I then matched the measurements using the tag ID of each stem,
calculated the distance between them, and the angle between the
tape measure and the GPS using this function:

   # Define function to calculate angle of line, in radians
   calcAngle <- function(x, y) {
     dst_diff <- as.numeric(x - y)
     return(atan2(dst_diff[1], dst_diff[2]) + pi)
   }

First, here is a map where I laid all the location errors from each
of the 11 plots on top of each other.

 ![Map of all location
errors.](https://johngodlee.xyz/img_full/gps_xy/pretty_plot.png)
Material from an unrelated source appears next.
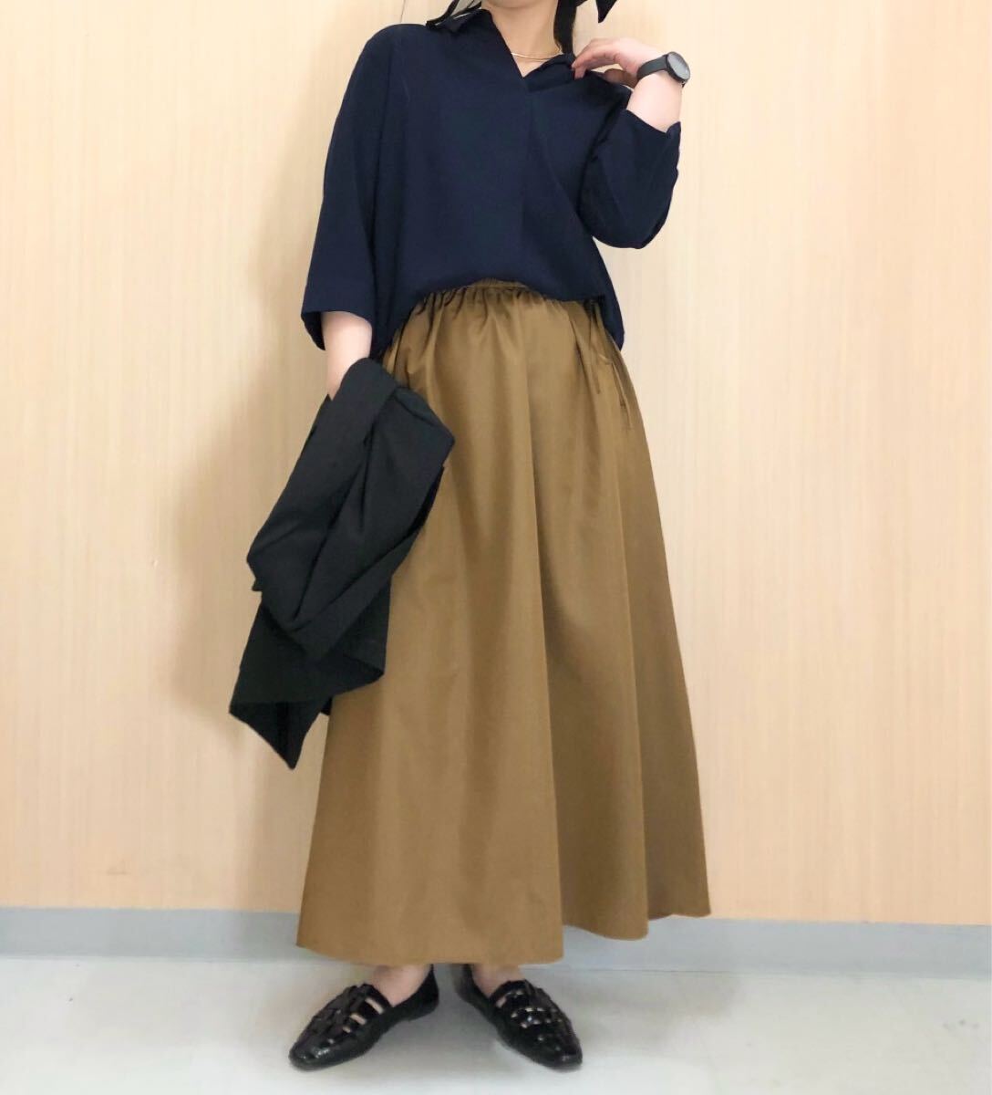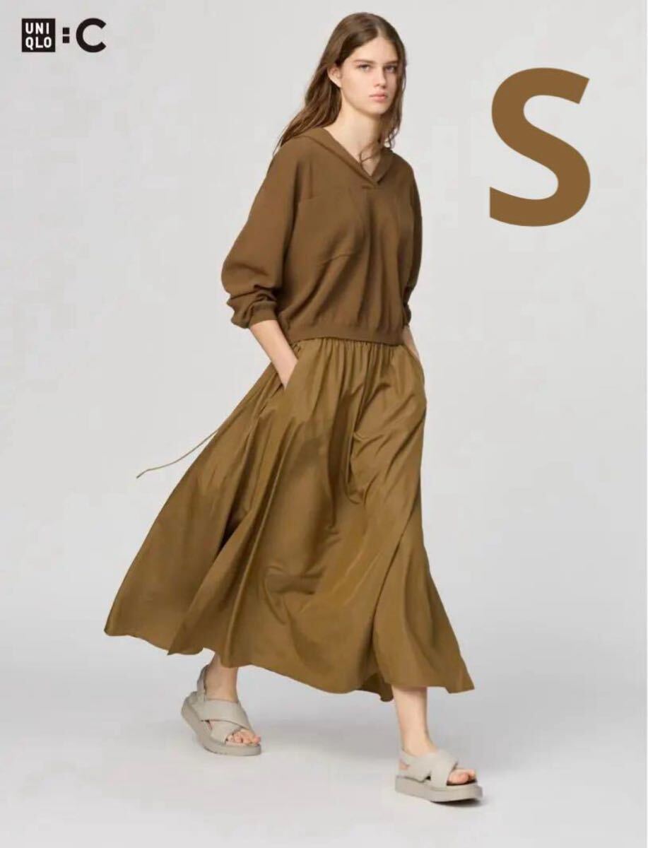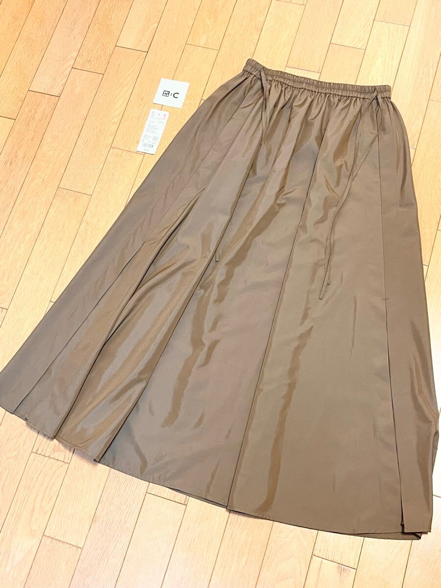 UNIQLO ユニクロ ギャザーロングスリットスカート ブラウン ベージュ S
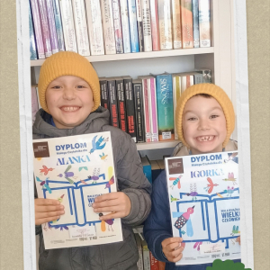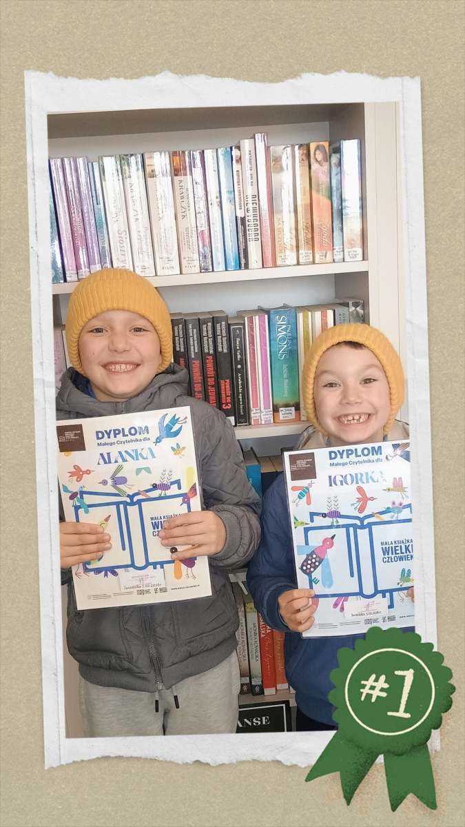 Bracia Alanek i Igorek są już Dyplomowanymi Czytelnikami!...Nasze serdeczne gratulacje i brawa za dopełnienie wyzwania w akcji „Mała książka- wielki człowiek”. Chłopcy bardzo chętnie odwiedzają naszą instytucję. Dziękujemy za wytrwałość i cierpliwość włożoną w zdobywanie naklejek na Kartę Małego Czytelnika dla Was i waszej mamy. Życzymy niekończącej się ciekawości świata i wierzymy, że uda się Wam znaleźć wszystkie odpowiedzi na te pytania właśnie w książkach.

One really interesting thing about the plot above is that it looks
like the errors get larger in the top part of the plot, and also
that the errors on the X axis are larger than the errors on the Y
axis.

In the field we always started collecting the XY coordinates from
the SW (bottom-left) corner of the plot, doing 20 m lines of trees
running E-W up to the NE corner. I wonder if the errors are larger
at the top of the plot because we were getting tired towards the
end of the day. Or maybe they were due to tape measure stretch?
Also from this plot I get the impression that the errors are
generally larger on the E-W axis than on the N-S axis. I'd expect
the GPS to produce random errors, while the tape measures would
produce systematic errors, so this plot suggests actually that
there might be greater error in the tape measure coordinates than
in the GPS.

Now here is a simple rose plot where I plotted all the lines with
the tape measure position normalised to 0,0:

 ![Simple rose plot of all lines with tape measure at
0,0.](https://johngodlee.xyz/img_full/gps_xy/cnt_lines_rose.png)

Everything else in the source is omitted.